Former Munster hooker Fogarty forced to retire due to shoulder injury

He won a Heineken Cup medal with the province back in 2006.

FORMER MUNSTER HOOKER Denis Fogarty has become the latest player to have to retire from the game through injury.

The 32-year-old, a Heineken Cup winner with Munster in 2006, has been told to retire after suffering a recurrence of a shoulder injury.

Fogarty, younger brother of Leinster scrum coach John, who was also forced to retire through injury, has been playing in France for the past four seasons.

But he has seen little action this season after moving from Agen to Aix-en-Provence and has now been told to retire immediately as he may have to have a prosthetic shoulder inserted.

“I’ve had two operations in the last year. It came at me initially in 2007 and I had an operation then and everything was fine and played on and continued with my career,” he said.

“The last season in Agen, in March last year, I was playing for them and a scrum collapsed and it came out again, my shoulder came out again. It burst through the repairs which were done in 2007.

“And it has just never got right since then.
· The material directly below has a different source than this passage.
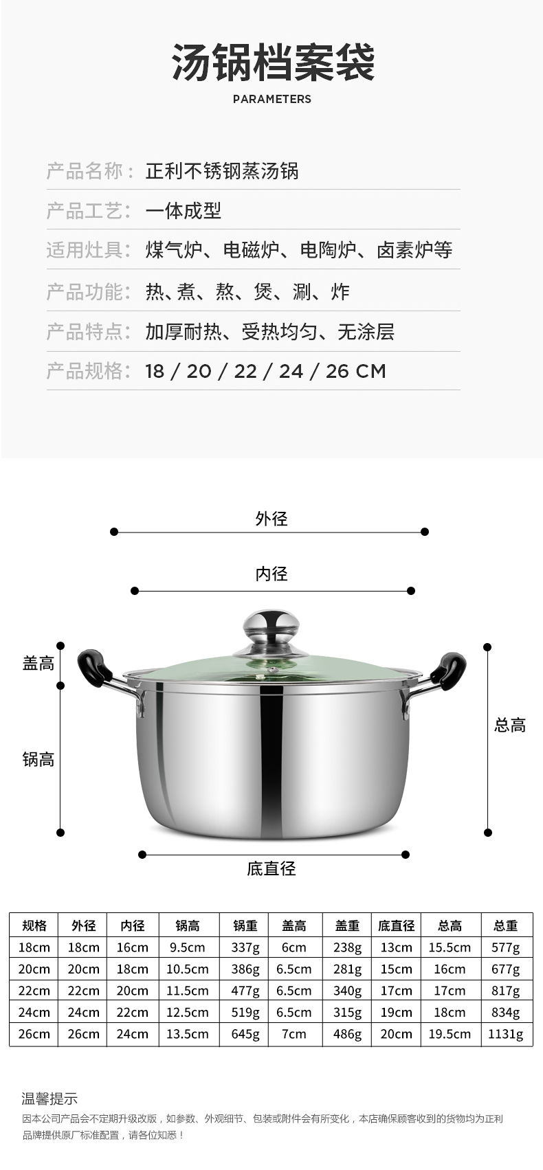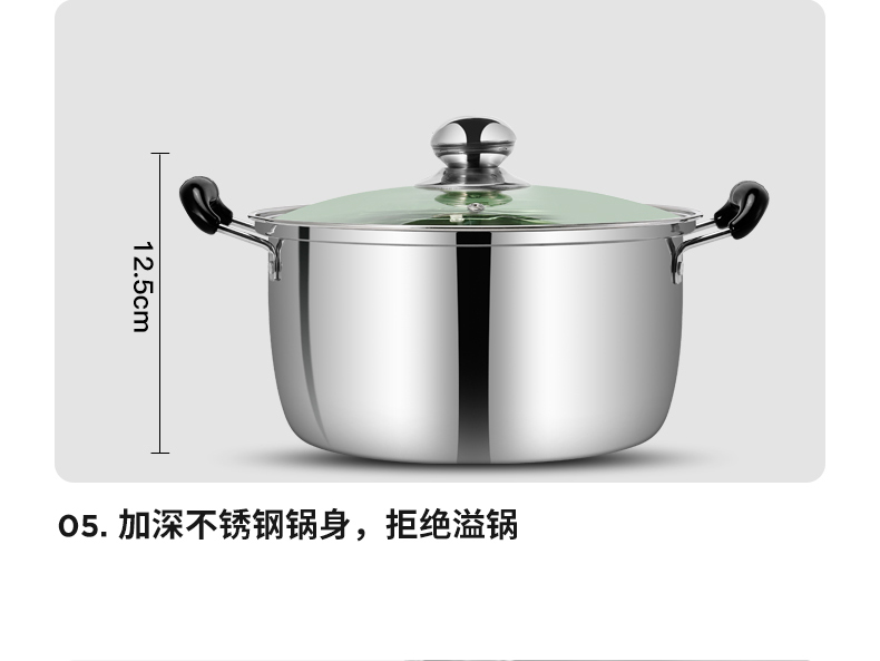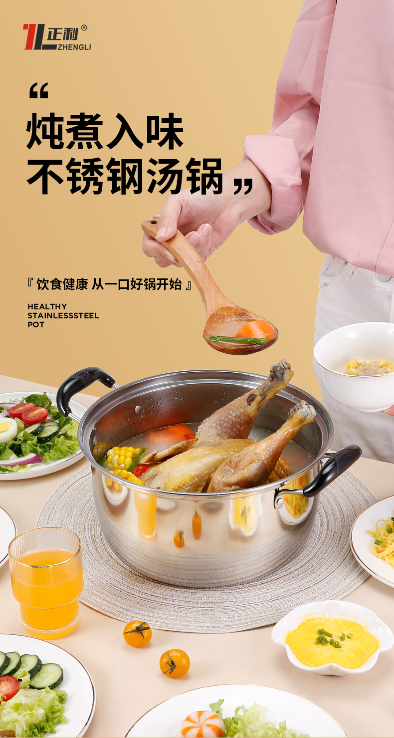 正利不锈钢汤锅加厚双柄煮面锅学生锅奶锅小锅家用蒸锅电磁炉通用

I have a huge amount of arthritis, all my tendons and everything are not very good in it and the surgeon said he has seen shoulders like this in 70-year-old men.

Denis Fogarty Fogarty is the younger brother of Leinster forwards coach John. Ryan Byrne / INPHO Ryan Byrne / INPHO / INPHO

“And when he went into it recently, the surgeon said it would come at me again in about five or six years and I would end up needing a prosthetic shoulder.

“I went to him again last week in Aix-en-Provence and he told me it just wasn’t going to get better. I can’t lift my arm very high and, say, if I’m swimming I can’t do a front crawl or a back crawl. I can’t do anything like,” said Fogarty, who also won Celtic League medals in 2009 and 2011 during his 91 appearances for Munster.

The former Ireland A hooker, who moved initially to Jeremy Davidson’s Aurillac for a season before going to Agen for two campaigns, said he made every effort to recover but was then dealt the devastating news his career was over.

“The surgeon just said that from a professional rugby aspect I was finished, it was as simple as that.

“I had been doing everything to get better and while I kind of knew going into him last week that the news might not be good, it still hit me hard knowing that the journey is over. I’m just trying to get on with that now and come to terms with it and start considering other things,” he added.